Jasmine: Yes. Exactly. [Laughs]
Sarah: In your essay in Slate about your friendship with Amy Spalding, you wrote about the vulnerability of not only deciding to be a writer but telling someone else that you want to be –
Jasmine: Yeah.
Sarah: – which is a really secret piece of yourself to share with someone, and it’s, it’s like a level of, like I said, a level of access. Is that vulnerability still there? Do you still feel that way about talking about yourself as a writer?

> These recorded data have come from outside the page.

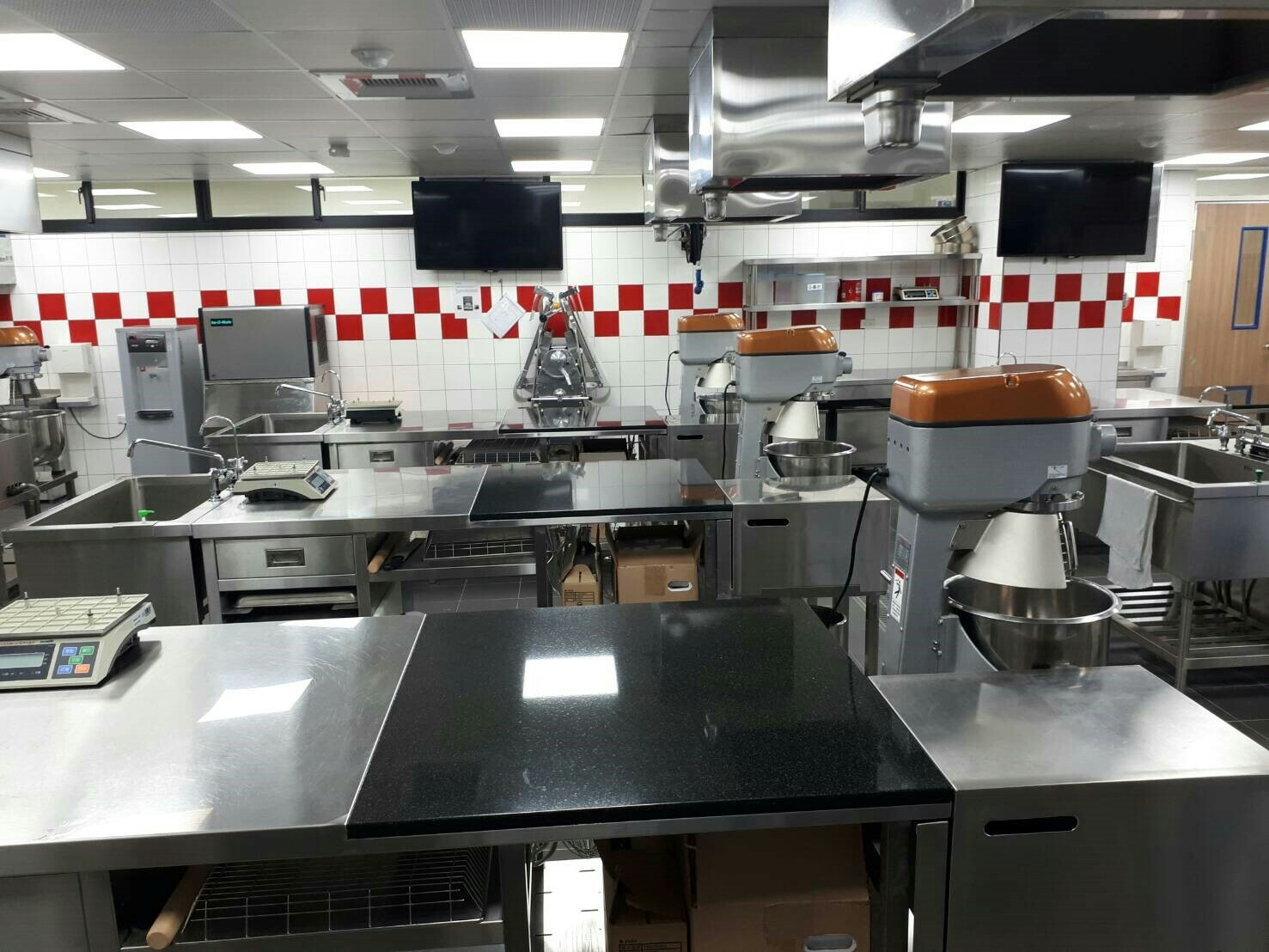 工欲善其事必先利其器~給您TOP1上課環境(即測即評考場)設備:工作檯、蒸氣烤箱、攪拌機 、桌上型攪拌機、冷凍冰箱、冷藏冰箱、急速冷凍、丹麥機、壓麵機、切麵機、電磁爐、水果低溫風乾機、拉糖機、三環爐、平底煎鍋。
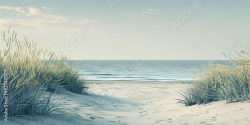 Desolate Beachfront: A beachfront devoid of people, with empty shores and calm waters, creating a serene yet lonely atmosphere
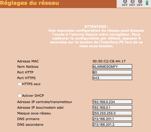 Après vérification avec notre serveur, le problème ne vient pas d'un mauvais réglage du système d'alarme mais d'un mauvais réglage de votre Box/modem ADSL. Il semblerait que les ports 80 et 443 ne soient pas ouvert pour l'adresse IP de votre système d'alarme.
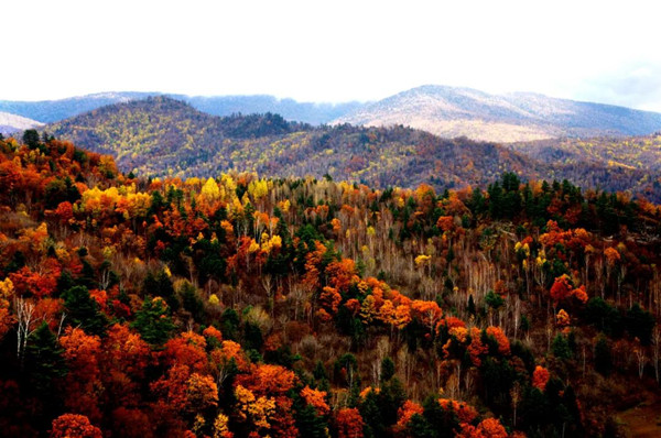 一樹一景都是它的作品,染紅楓葉,點(diǎn)黃白樺,為紅松再添蒼翠,將五彩林都繪就。
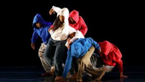 Witch Hunting explore la volonté d’empire de l’être humain et sa capacité d’abnégation. Sur le plateau nu, six danseuses et danseurs de styles de danse différents – krump, hip-hop et danses africaines urbaines et traditionnelles – utilisent la virtuosité de leur danse pour délimiter leur zone d’influence et conditionner la gestuelle des autres. Les individualités trouvent des points de vocabulaire communs et convergent physiquement, consentant à s’allier contre ceux qui s’opposent au consensus élaboré. Dans des conditions où l’un ne peut gagner qu’en écartant les autres, la dynamique du bouc émissaire se joue cycliquement au profit et au détriment de chacun. Les particularités des individus se soumettent à l’emprise de la masse réunie et s’effacent pour tendre vers la conformité, dont la continuité est sans cesse remise en question par la dissidence.

Jasmine: A, it’s getting less, a lot less so now? But definitely, every time I tell someone who I haven’t seen in a while, I have a book coming out this year, it, like, I’m nervous before I say it, you know? And so, like, there is definitely some of that that’s still there, and it’s, you know, it’s been a few years since I started telling people, but it’s, every single time it feels like I have to sort of work myself up to talk about it, ‘cause it does feel very, like, this is a real piece of me that’s coming out in this book, is, I think, different from – I think creative pursuits are different in that way, right? Like, I don’t think people feel that way when they – I mean, I certainly never felt that way when I said I’m going to law school, or I don’t think people feel that way when they say that they’re going to medical school, but when you talk about, you know, becoming a writer or painting or anything that like that you, that anything that comes out is created by you, I think that just feels very, like, personal.
Sarah: Yes, it really does. And also that you’re telling somebody about your ambition, which we talked about earlier.
Jasmine: Yeah.
Sarah: Women are not encouraged to have ambitions –
Jasmine: Yeah.
Sarah: – especially not creative ones.
Jasmine: Yeah. Yeah, that’s absolutely true.
Sarah: Now I’ve asked you about your book. Would you be willing to tell me and everyone who will be listening about The Summer of Jordi Perez (And the Best Burger in Los Angeles)?
Jasmine: Yes! I love that book! It’s Amy’s book that’s coming out in, I think it’s early April. It is a, it is a YA romance about two girls who live in LA. They are both working together as interns at a, a store for the summer and are kind of battling it out to see who gets offered a permanent job and then in the process fall in love with one another. It is such a cute, fun book; there’s lots of – again, I love books where there’s lot of food – there’s lots of talk about burgers. There are also lots of great friends in the book for both of the friends, for both of the girls, and I just love it, and I think you’ll love it totally.
Sarah: That’s brilliant. Isn’t it easier to talk about someone else’s book than your own?
Jasmine: Yeah, absolutely! [Laughs]
Sarah: I’ve always found that to be true. [Laughs]
Jasmine: Yeah.
Sarah: So how have your friendships helped you as a writer?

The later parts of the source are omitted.